START Provided records

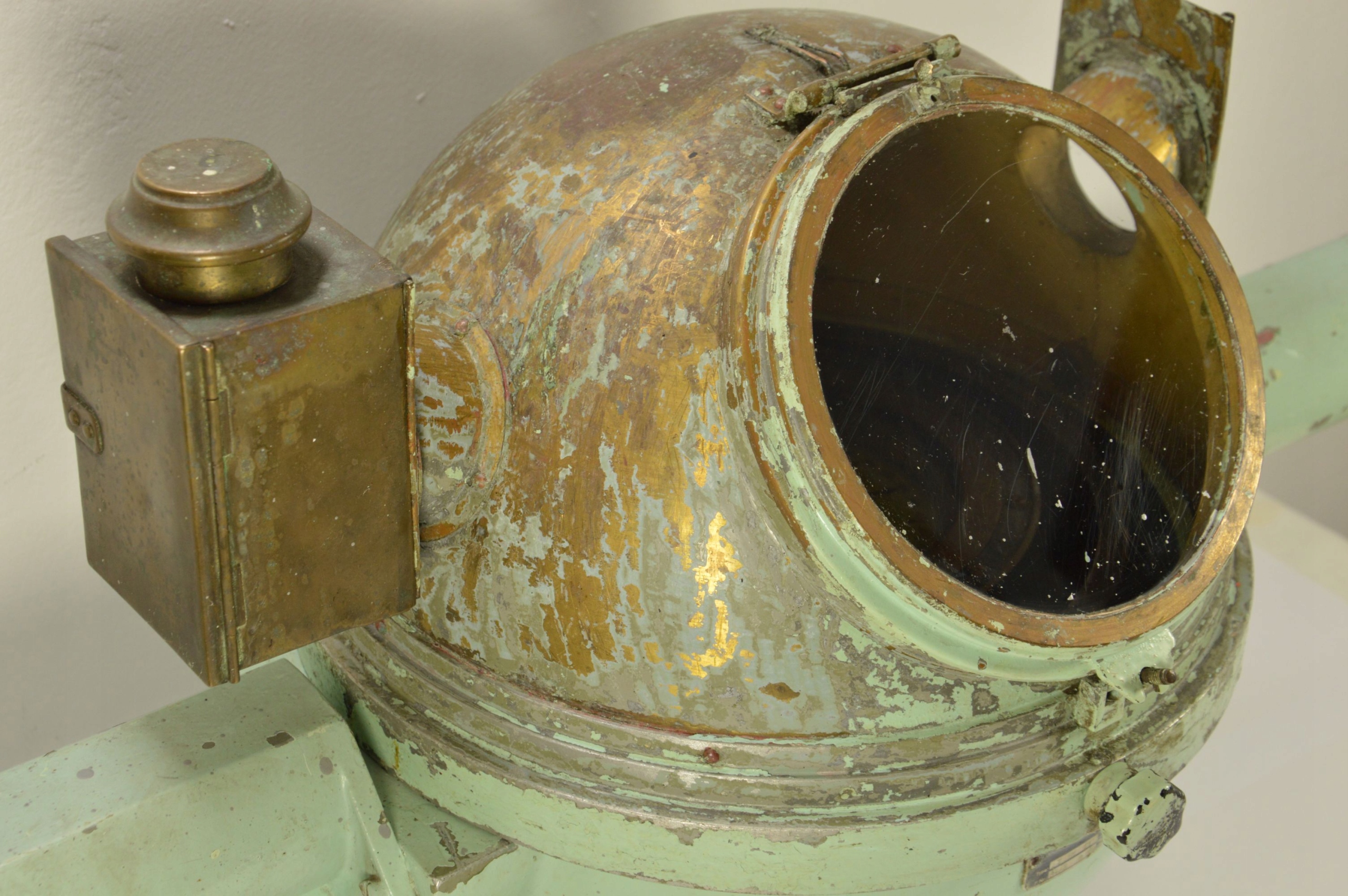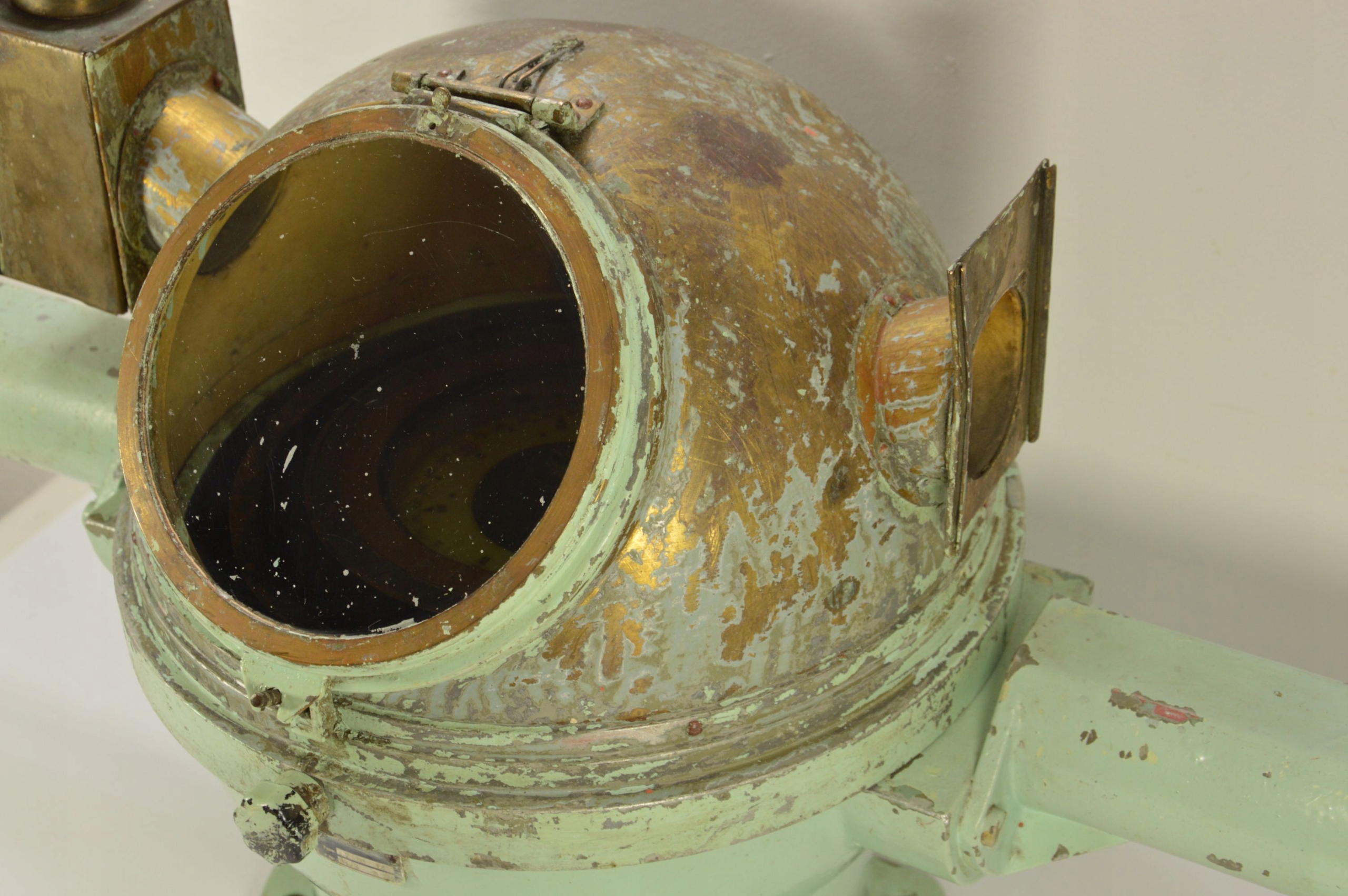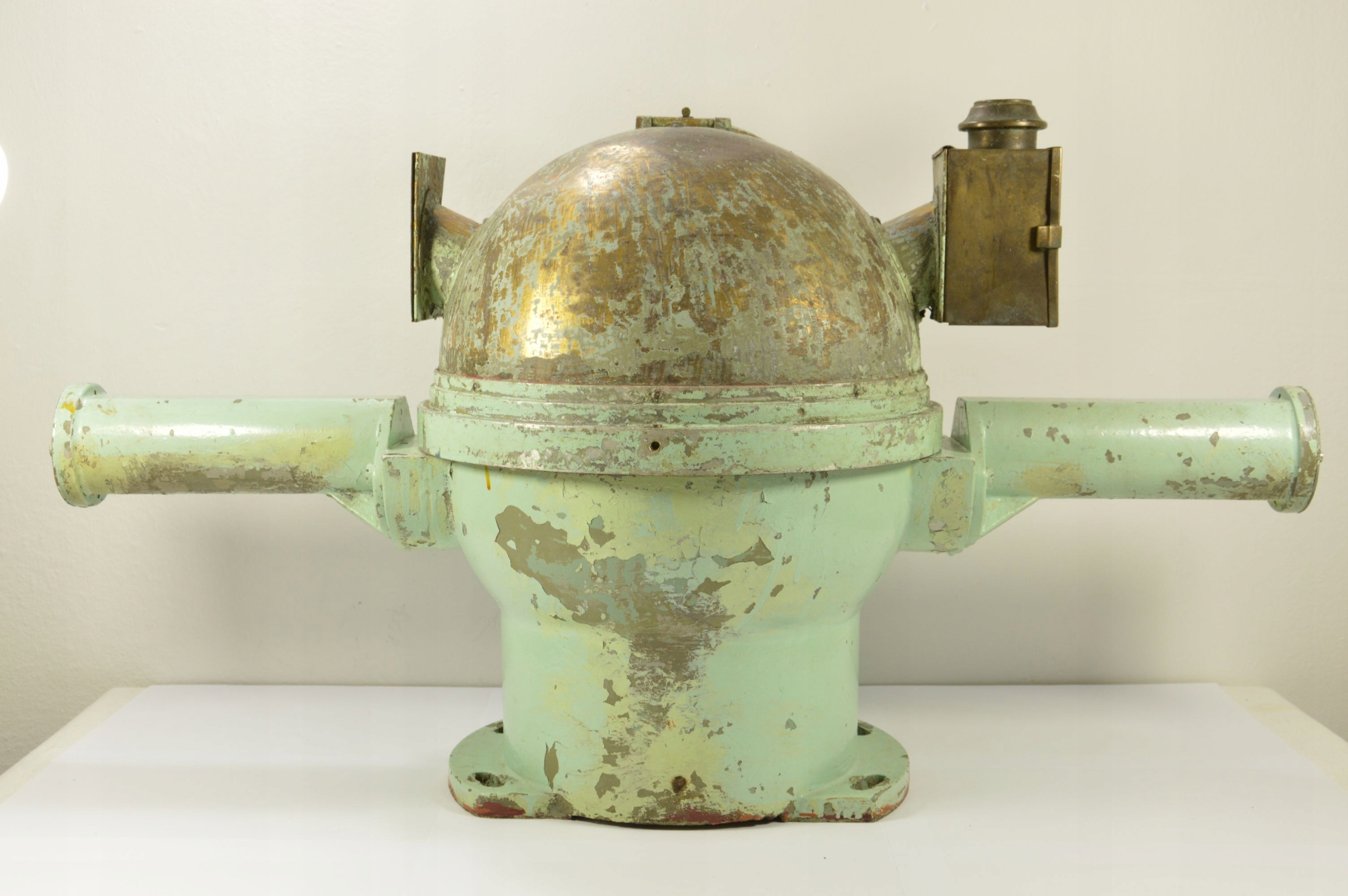 Оригінальний, старий, великий судновий компас VEB Geräte und Regulwerk (GRW) Teltow. Компас із підписом, виготовлений у 1950-х роках за довоєнним проектом Карла Бамберга, повністю справний. Оригінальний корпус з табличкою, одна гасова лампа зліва (лампа з оригінальною вставкою та гнотом). Видно сліди зняття старої фарби з купола. На тильній стороні купола дві невеликі вм'ятини, купол не пошкоджений. Дуже цікавий і оригінальний предмет епохи.
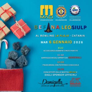 Epifania all’insegna del gioco e della solidarietà per i giovani soci del Leo club Catania Val Dirillo. Il 6 gennaio scorso, infatti, i Leo hanno promosso la terza edizione di Befana Leo Siulp, service condotto insieme a MAD Accademia e Siulp – Sindacato italiano unitario lavoratori polizia. Il cuore dell’iniziativa è stato quello di offrire una giornata di gioco, condivisione e spensieratezza a bambini e bambine provenienti da comunità di accoglienza e case famiglia, inseriti in contesti di fragilità. L’iniziativa si è svolta presso il bowling “La Playa” di Catania, trasformato per un giorno in uno spazio di festa, inclusione e accoglienza. Elemento centrale del progetto è stata la raccolta di giocattoli usati, ma ancora in ottime condizioni, in modo da promuovere l’idea del riuso consapevole e sensibilizzare sul tema della lotta agli sprechi. Grazie a questo service, sono stati messi insieme ben 3.800 giocattoli, parte dei quali sono stati donati ai 126 bambini partecipanti all’evento del 6 gennaio. Oltre ai giocattoli, il service ha permesso di raccogliere anche 100 kg di beni di prima necessità, che saranno poi destinati a diverse comunità del catanese, rafforzando ulteriormente il valore sociale dell’iniziativa. A questo proposito è da ritenere significativa anche la collaborazione di diversi comuni dell’interland, che hanno messo a disposizione i pullman per il trasporto dei bambini che hanno partecipato al service. #lionssicilia #catania
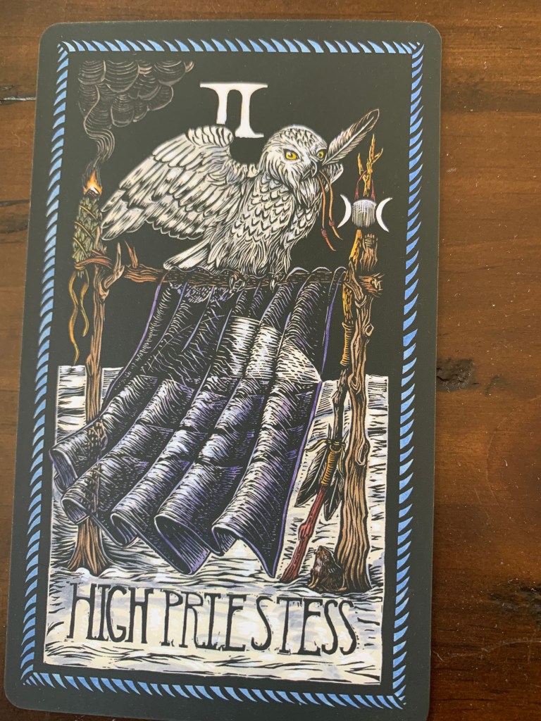 The owl holds a feather which in this deck represents the wands and spirituality/inspiration. The High Priestess is often described as the internal balance of inspiration and knowledge from within to the Magician’s Inspiration to create externally.
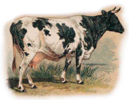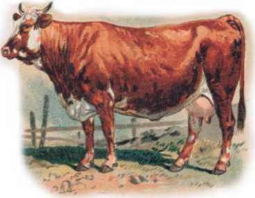 Некрасива корова, да молочко даёт. Лоб у неё широк, уши в сторону; во рту зубов недочёт, зато рожища большие; хребет – остриём, хвост – помелом, бока оттопырились, копыта двойные.
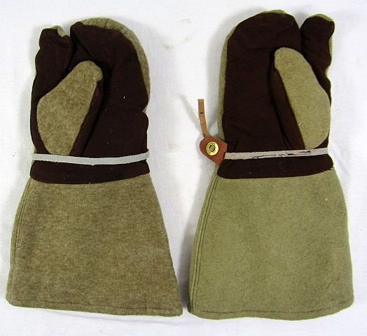 The mittens worn by Japanese troops in cold weather operations, such as those in northern Chine and the Aleutian Islands. Heavy olive brown wool mittens with suede palms and pile lining. The mittens have separate index fingers for firing a weapon. The mittens set is in mint, unused condition.
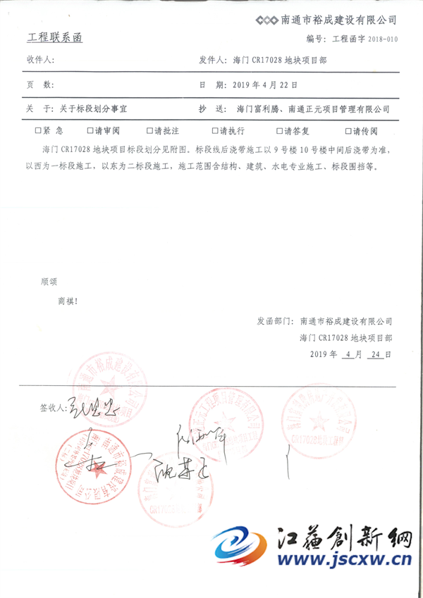 江苏创新网讯 今年7月份,来自江苏昆山的建筑商朱结龙、姚瑞同、钱香泉,联名投诉媒体,反映南通海门瑞富房地产开发有限公司和南通市裕成建设有限公司,在建设海门市长江路东/聚贤路北 CR17028 地块项目总承包二标段工程施工中,恶意串通,否定事实,想赖掉三位投资商5400万余元工程款。媒体披露后,海门区住建局高度重视,专人负责,对朱结龙、姚瑞同、钱香泉三位投资商以及南通海门瑞富房地产开发有限公司和南通市裕成建设有限公司逐一调查,进一步深入了解真实情况,澄清事实,正以积极的态度,采取措施,拿出解决问题的方案和办法。为此,朱结龙、姚瑞同、钱香泉专门致函,对海门区住建局表示深深敬意和感激。
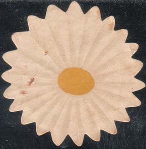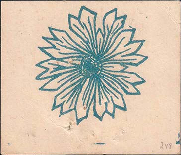 1915 1915(?) г. Виньетка в виде цветка ромашки диам. 48 мм. Двухцветная печать на белой бумаге. Несимметричный цветок ромашки.
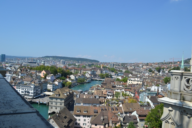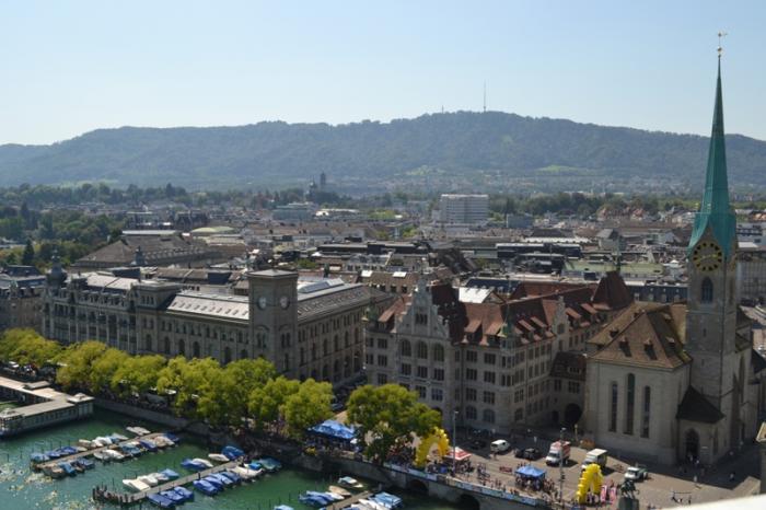 Мы решили, что именно с башни Гроссмюнстера должен быть интересный вид на город сверху. За 4 фр с человека по крутой винтовой лестнице поднялись на самую верхотуру. Панорама действительно красивейшая.
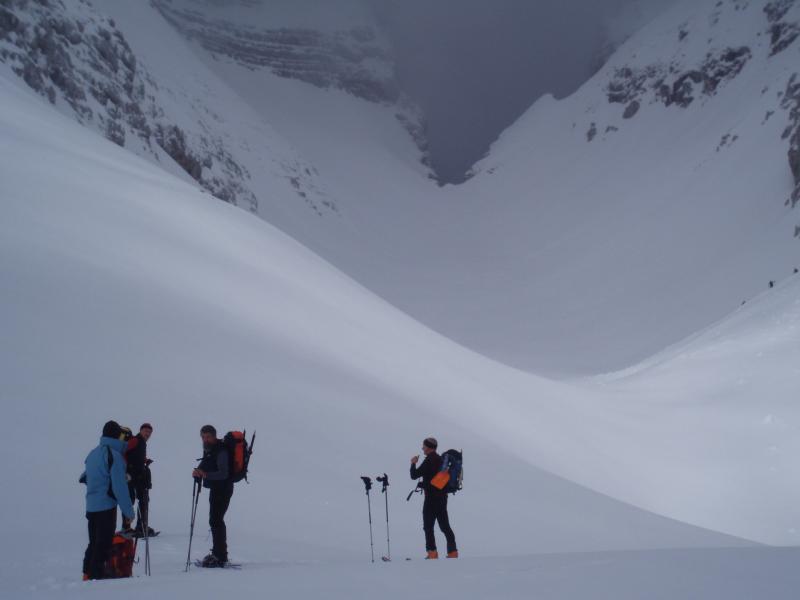 razmere bila potrjena ideja da se preusmerimo na Škrbino Prednje Špranje (Lavinal dell Orso). Odločitev je bila prava, kar so nam potrdili tudi Bovški reševalci, ki so se spustili z omenjene Škrbine. Tako da smo nadaljevali z vzponom do Škrbine Prednje špranje. Kratek počitek smo naredili po zadnjem zahtevnim vzponom (pijača in sadje) in naskočili še zadnjih 100 višinskih metrov, ko se nam je odprl pogled na Škrbino. Na Škrbini Prednje Špranje (LAVINAL DELL ORSO 2138m) pa so bili zelo močni vetrovni sunki, tako da nas je kar zmrazilo in smo hitro se vrnili na prejšnje počivališče.
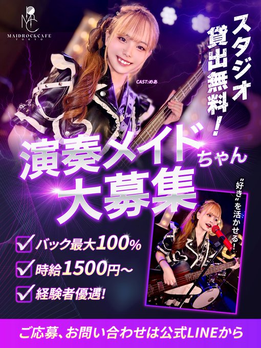 秋葉原・神田 メイドロックカフェ東京MRC TOKYOさんがリポストメイドロックカフェ東京@求人用@mrc_tokyo_job·╋━━ キャストさん募集 ━━━╋ 🗓シフト提出は半月ごと 🔰楽器演奏を始めたばかりでも大丈夫! 💴がっつり稼げる高時給! (時給1500円~+バック最大100%) -------------- ご応募https://lin.ee/TqD6Bqm (※高校生不可) #コンセプトカフェ #秋葉原 #バンド #バンド好き #邦ロック1246
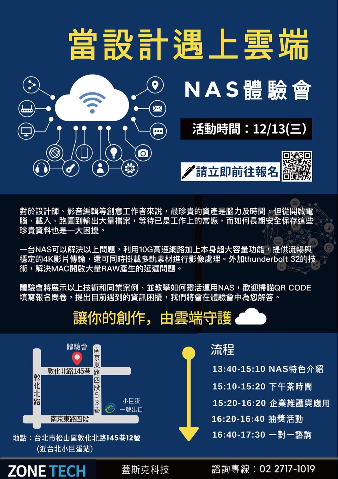 【產品介紹】【適合對象】*希望載圖、輸出檔案都不用再長時間等待的設計業者*希望可以找到大容量儲存4K影片的剪輯師*希望了解更多有關NAS雲端設備的工作者【活動嘉賓】現場備有精美下午茶點,還會有抽獎活動!💰NAS 1,000折扣優惠卷 3名💰NAS 5,000折扣優惠卷 1名主辦單位:蓋斯克科技協辦單位:QNAP 威聯通科技股份有限公司

END Provided records

Look above for the line with "Некрасива корова, да" and the line with "razmere bila potrjena", then restate exactly those two lines and all lines between them, with no pictures.

 Некрасива корова, да молочко даёт. Лоб у неё широк, уши в сторону; во рту зубов недочёт, зато рожища большие; хребет – остриём, хвост – помелом, бока оттопырились, копыта двойные.
 The mittens worn by Japanese troops in cold weather operations, such as those in northern Chine and the Aleutian Islands. Heavy olive brown wool mittens with suede palms and pile lining. The mittens have separate index fingers for firing a weapon. The mittens set is in mint, unused condition.
 江苏创新网讯 今年7月份,来自江苏昆山的建筑商朱结龙、姚瑞同、钱香泉,联名投诉媒体,反映南通海门瑞富房地产开发有限公司和南通市裕成建设有限公司,在建设海门市长江路东/聚贤路北 CR17028 地块项目总承包二标段工程施工中,恶意串通,否定事实,想赖掉三位投资商5400万余元工程款。媒体披露后,海门区住建局高度重视,专人负责,对朱结龙、姚瑞同、钱香泉三位投资商以及南通海门瑞富房地产开发有限公司和南通市裕成建设有限公司逐一调查,进一步深入了解真实情况,澄清事实,正以积极的态度,采取措施,拿出解决问题的方案和办法。为此,朱结龙、姚瑞同、钱香泉专门致函,对海门区住建局表示深深敬意和感激。
 1915 1915(?) г. Виньетка в виде цветка ромашки диам. 48 мм. Двухцветная печать на белой бумаге. Несимметричный цветок ромашки.
 Мы решили, что именно с башни Гроссмюнстера должен быть интересный вид на город сверху. За 4 фр с человека по крутой винтовой лестнице поднялись на самую верхотуру. Панорама действительно красивейшая.
 razmere bila potrjena ideja da se preusmerimo na Škrbino Prednje Špranje (Lavinal dell Orso). Odločitev je bila prava, kar so nam potrdili tudi Bovški reševalci, ki so se spustili z omenjene Škrbine. Tako da smo nadaljevali z vzponom do Škrbine Prednje špranje. Kratek počitek smo naredili po zadnjem zahtevnim vzponom (pijača in sadje) in naskočili še zadnjih 100 višinskih metrov, ko se nam je odprl pogled na Škrbino. Na Škrbini Prednje Špranje (LAVINAL DELL ORSO 2138m) pa so bili zelo močni vetrovni sunki, tako da nas je kar zmrazilo in smo hitro se vrnili na prejšnje počivališče.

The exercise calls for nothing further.